Quoting Aaron Digulla <[EMAIL PROTECTED]>:

I'm talking about preventing the python class which is used as the model
being garbage collected; it doesn't matter from which Qt class it is
derived.

As it is, the class pointer is copied into the view class and then python
frees the memory. That causes spurious display errors and crashes. No
matter how you look at it, that's a bug.

No its not, the view doesn't take ownership of the model, neither in Qt
C++ nor in PyQt, thats why your object is garbage collected. A reason
for not taking ownership is that a model might be used in multiple
views.

Incrementing the usage count != ownership. I'm the one who decides
which object in my project "owns" the model. This is a design issue.

Here is another case which argues against you:

I have a QTextEdit which uses several QTestDocument's (so one view has several models, depending on what is selected in the UI). There is one use case where I have no model (ie. the selected element just doesn't have any text attached).

So what I did was:

    if scene is None:
        edit.setDocument(QTextDocument())
        edit.setEnabled(False)
        return

and guess what: I got spurious crashes because the object returned by QTextDocument() is GC'd.

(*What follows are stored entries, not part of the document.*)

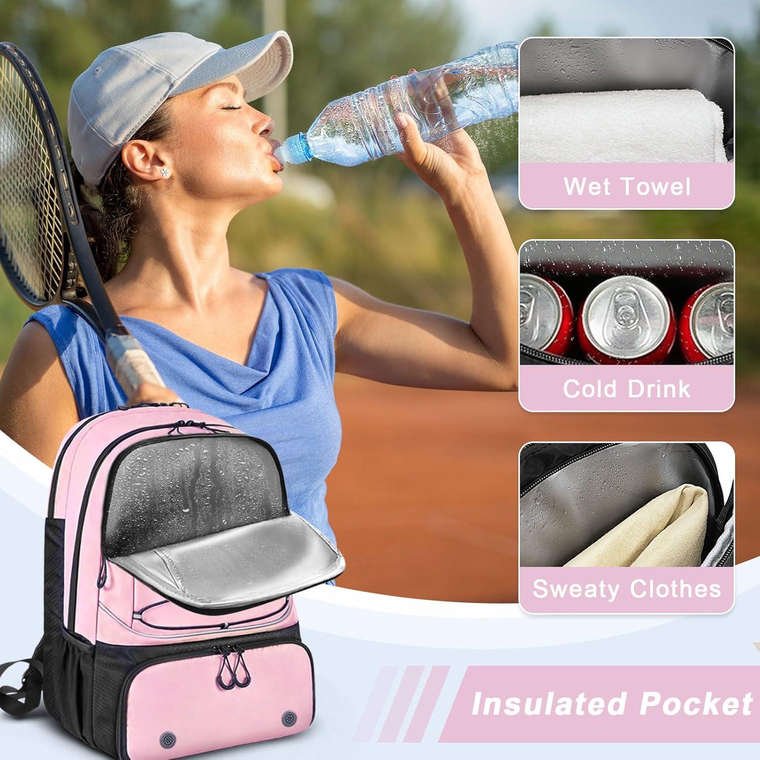 Tennis Bag Holds 2 Rackets, Professional Tennis Bags for Women, Tennis Backpack with Ventilated Shoe Compartment(Pink)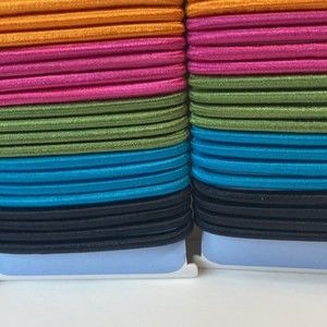 Scunci No Damage Satin Smooth Hair Elastics Pink Blue Green Yellow Black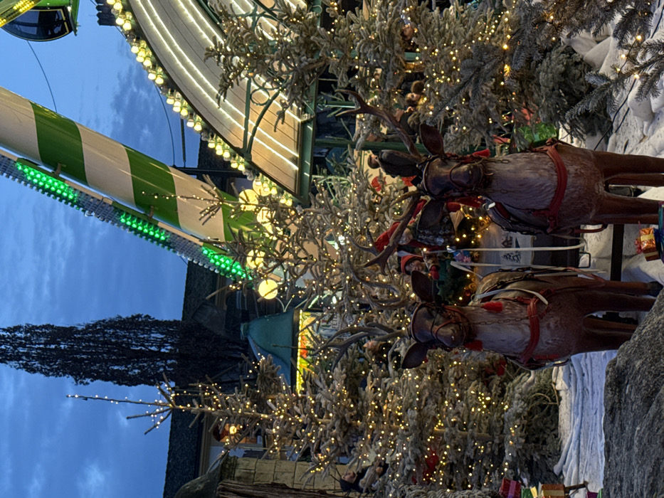 Two reindeer figures are adorned with harnesses and positioned near small, snowy Christmas trees with illuminated lights. A blurred green and white striped structure is visible in the background. The overall scene suggests a festive Christmas display or amusement park attraction at dusk. The sky in the upper left appears blue.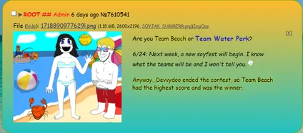 When the point meter froze and the drop-down menus were removed on June 24th, Team Beach ended up with over 300,000 more points than Team Water Park. Root later announced Team Beach as the winner, and then announced Soyfest 2 would take place the following week.
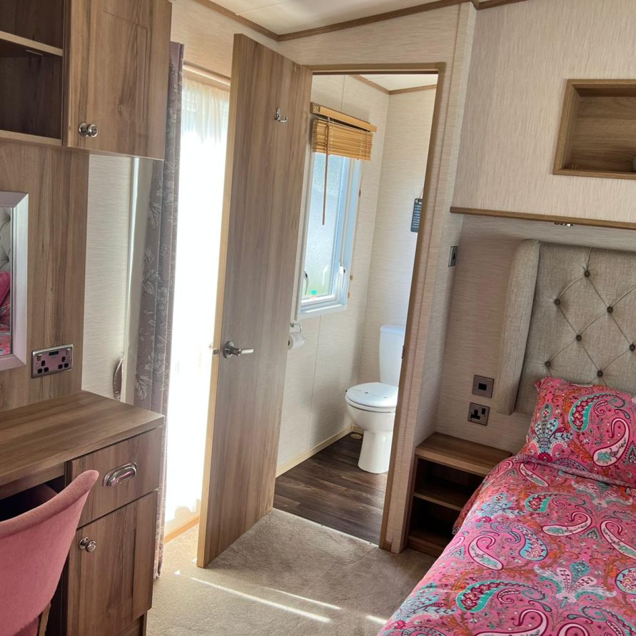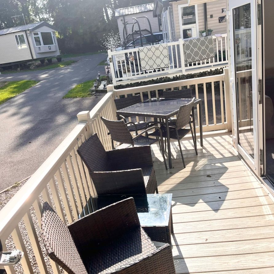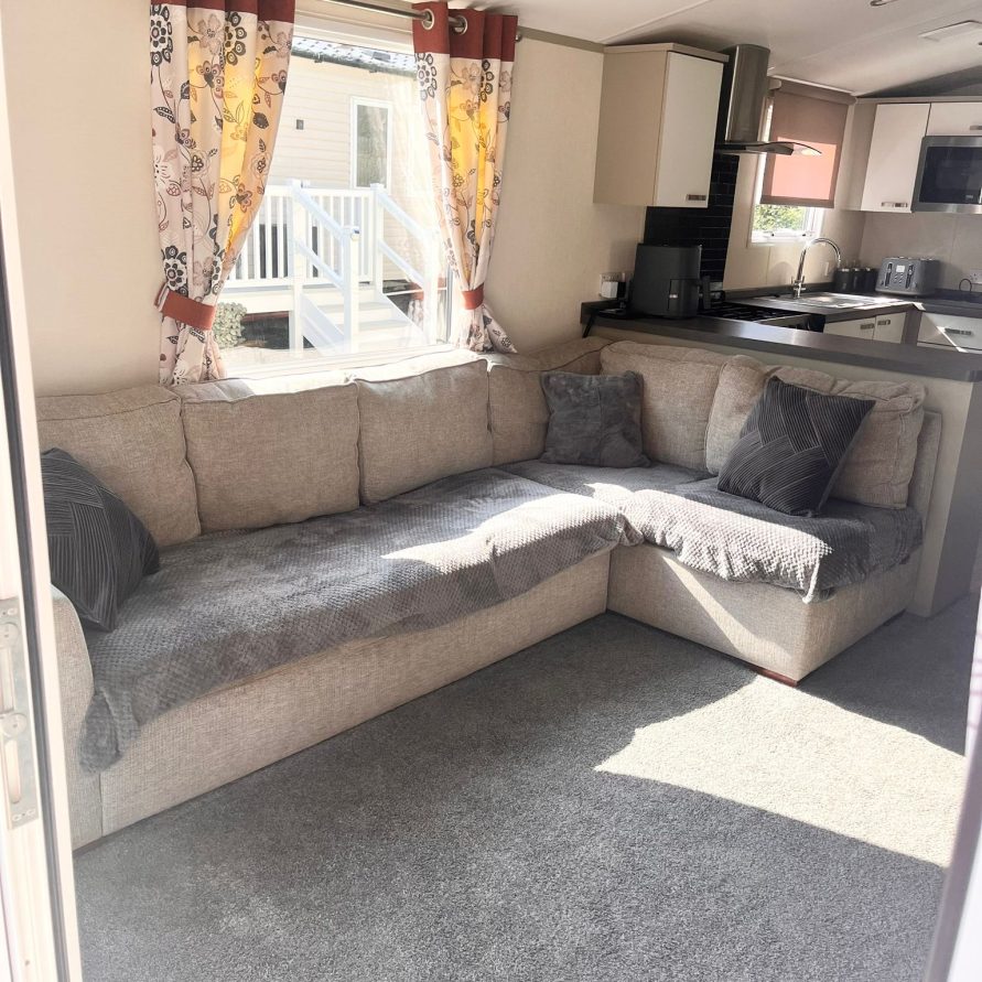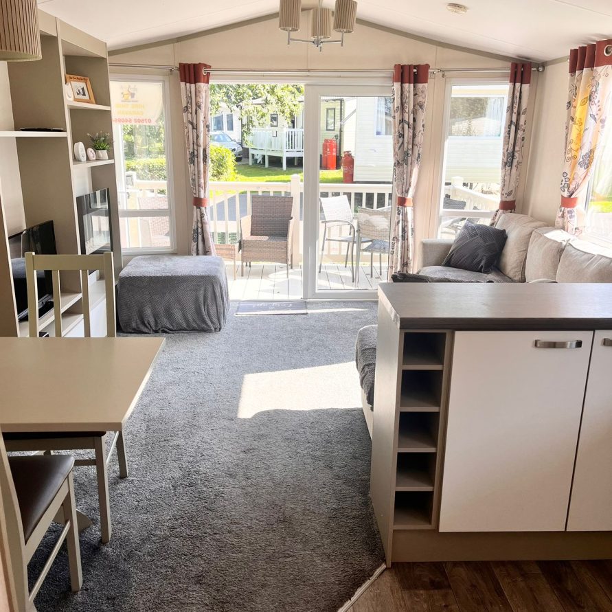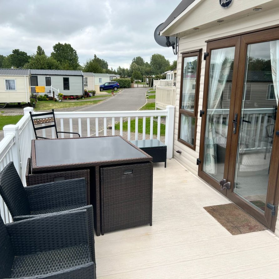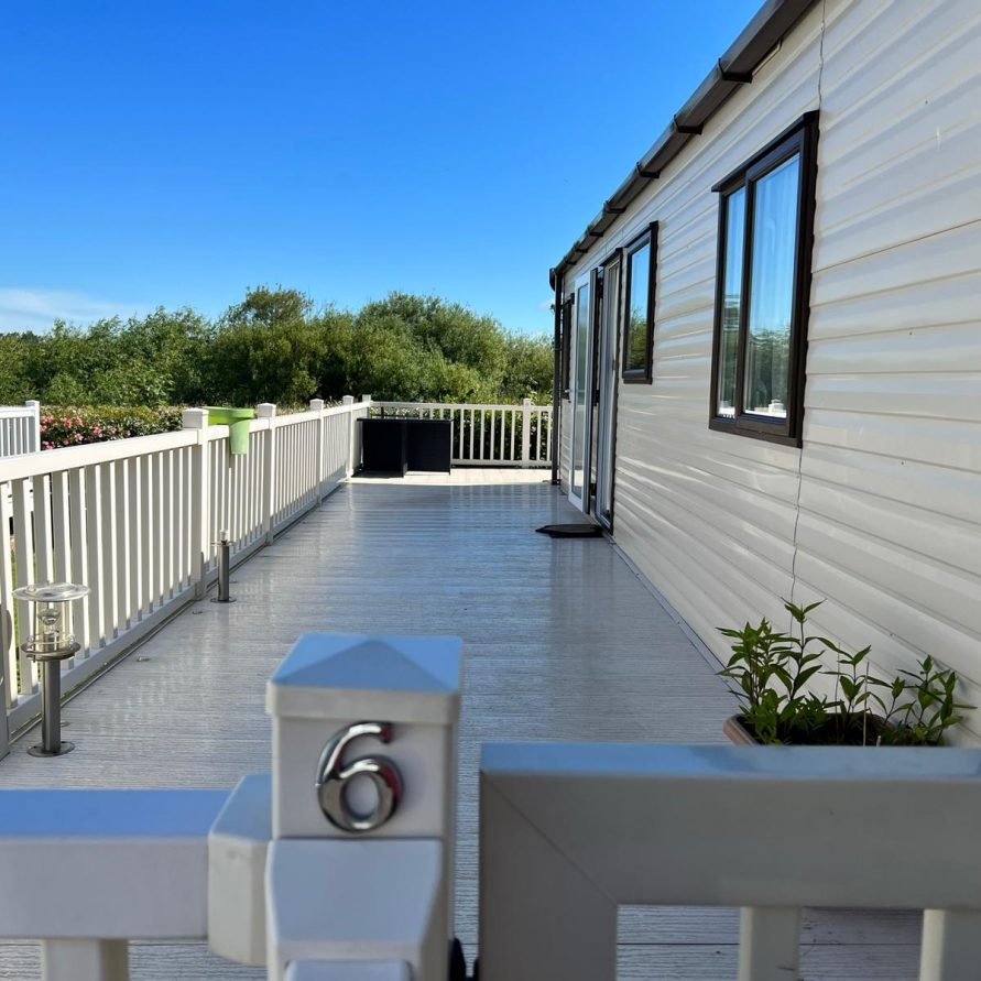 The Atlas Kensington on the Windsor pitch is a spacious 3-bedroom caravan that comfortably sleeps up to 6 guests. With wrap-around decking and outdoor furniture, it’s perfect for relaxing outside. Inside, you’ll find a fully equipped kitchen, modern bathrooms, and an ensuite for added privacy.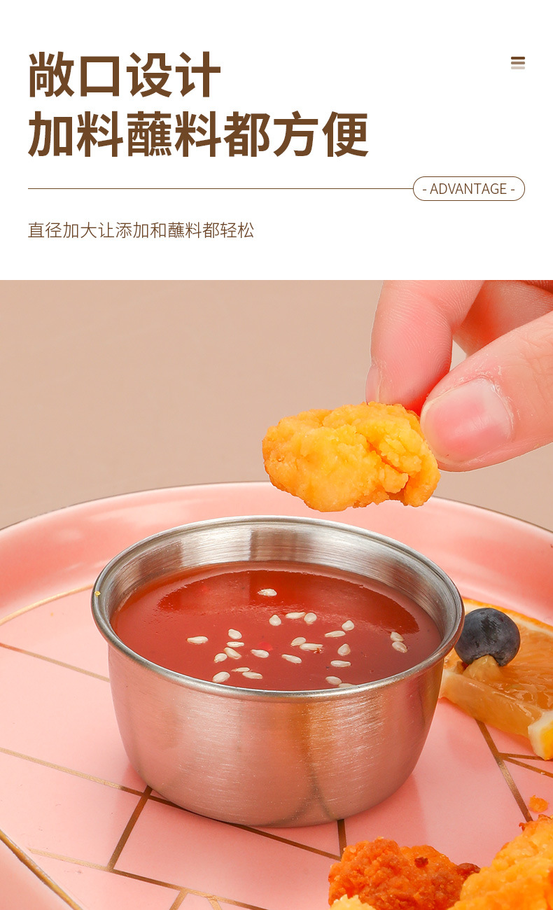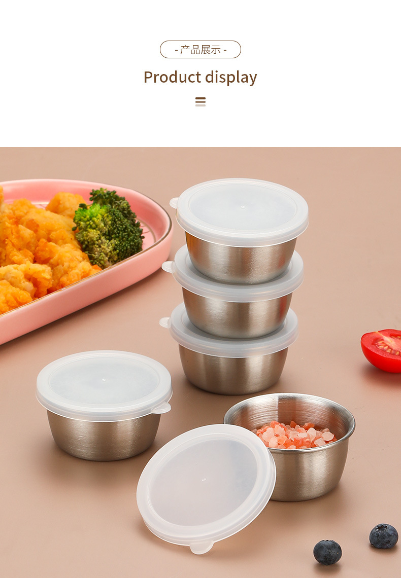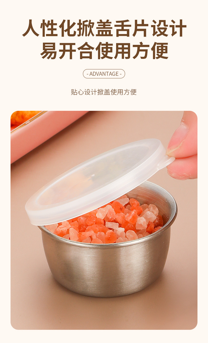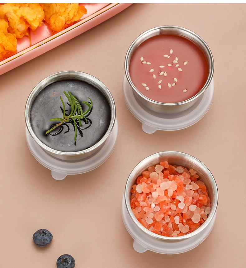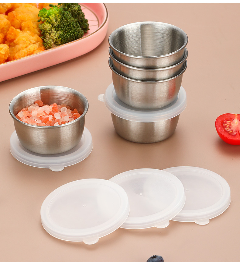跨境304不锈钢酱汁杯酱料杯40ml塑料盖密封防漏蘸料碟调味小碟子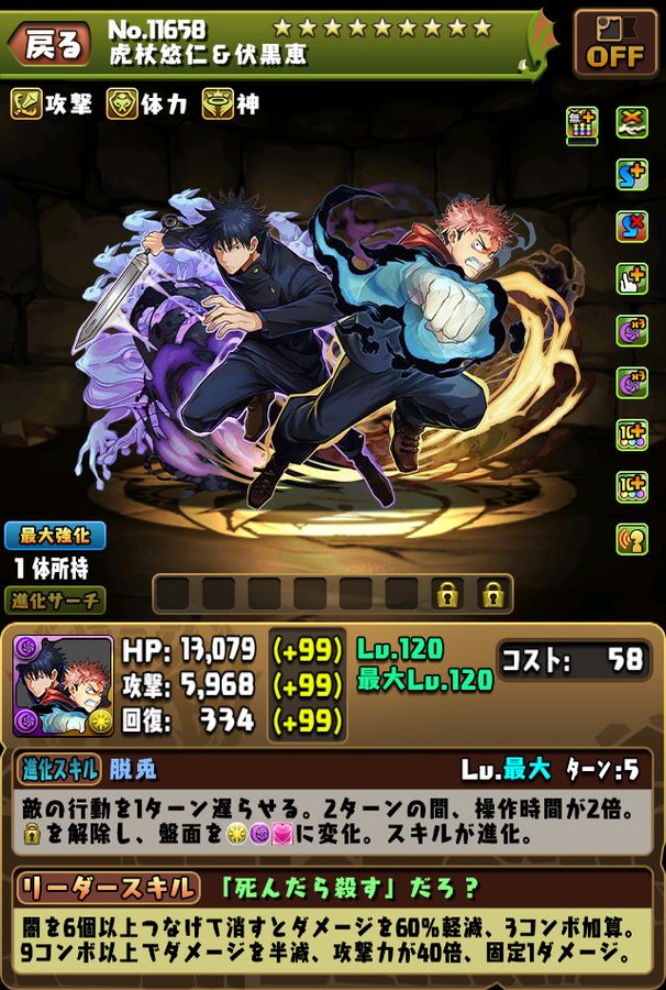 「2級呪術師・伏黒恵」からの転生進化となっています!※本内容は開発中のため、変更する可能性もございます。#呪術廻戦 #パズドラ pic.twitter.com/x4PxUEXvY7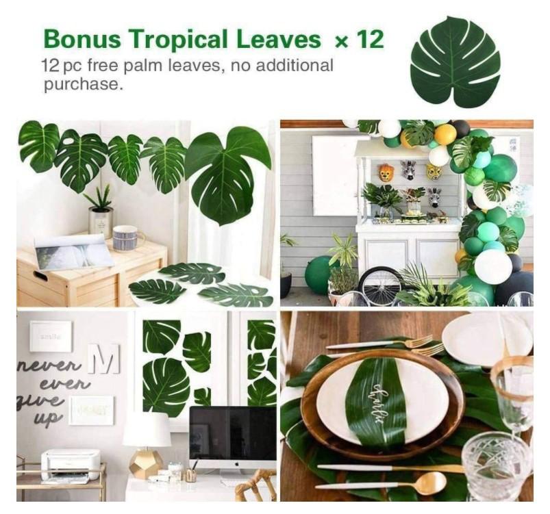 100 piezas - incluye 58 globos de 10 pulgadas - incluye 16 blancos, 16 verde claro, 16 verde oscuro, 10 dorados metálicos, 30 globos de 5 pulgadas - incluye 10 blancos, 10 verde claro, 10 verde oscuro, 10 hojas de palma artificiales de 8 pulgadas, 1 guirnalda de globos, 1 cinta, 1 rollo de pegamento para globos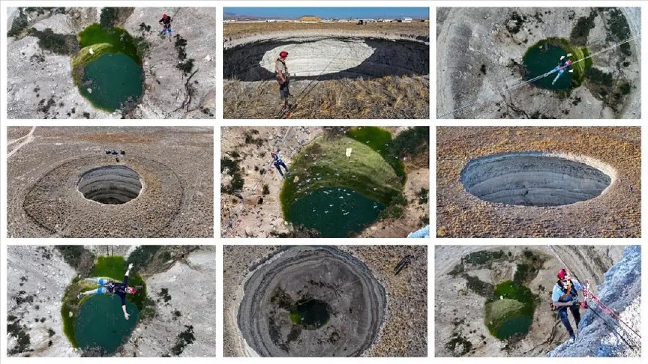 Konya'nın Karapınar ilçesinde, iklim değişikliği, kuraklık ve yer altı suyu kullanımının doğurduğu obruk tehlikesine dikkat çekmek isteyen profesyonel dağcılar, 40 metre derinliğindeki İnoba Obruğu'na iniş gerçekleştirdi.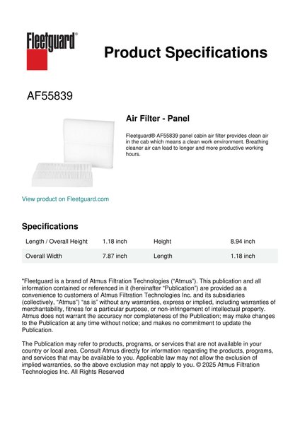 Fleetguard® AF55839 panel cabin air filter provides clean air in the cab which means a clean work environment. Breathing cleaner air can lead to longer and more productive working hours.Specification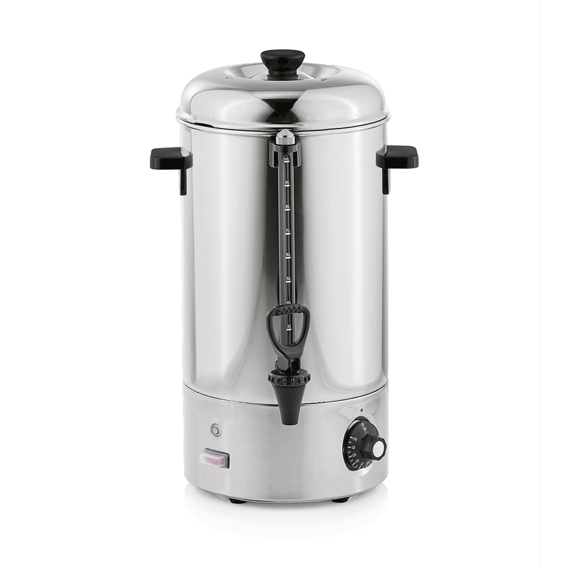 - Mit Seitengriffen. Sicherheitsthermostat verhindert Überhitzung bei leerem Behälter. Bei Überhitzung mit Reset-Schalter rücksetzbar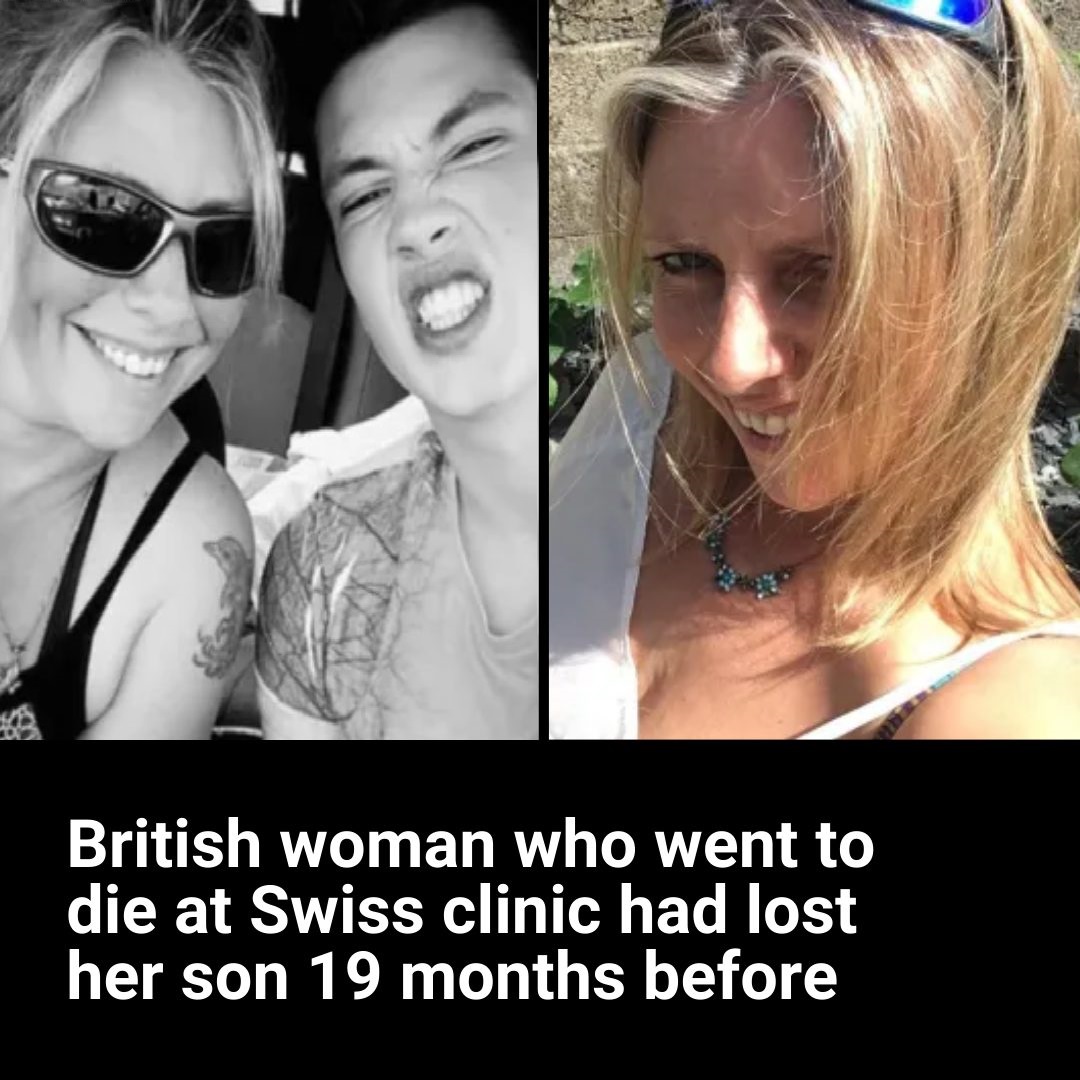 A British mum who went to die at a clinic in Switzerland had lost her 26-year-old son just 19 months before.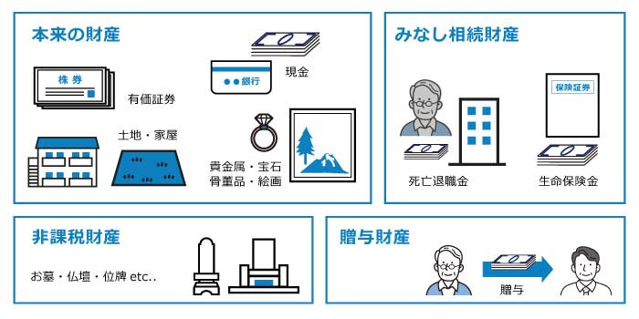 さらに、被相続人の死亡によって受け取る生命保険金や死亡退職金などは「みなし相続財産」として相続税の課税対象になる場合があります。

Where am I supposed to store this model? It's not related to *any* object in my project. It's just a dummy so the user doesn't accidentally edit the last selected text.

So all in all, I can't agree to your argumentation. Please fix these bugs. Is there an issue tracker somewhere where can I add these issues?

Regards,

--
Aaron "Optimizer" Digulla a.k.a. Philmann Dark
"It's not the universe that's limited, it's our imagination.
Follow me and I'll show you something beyond the limits."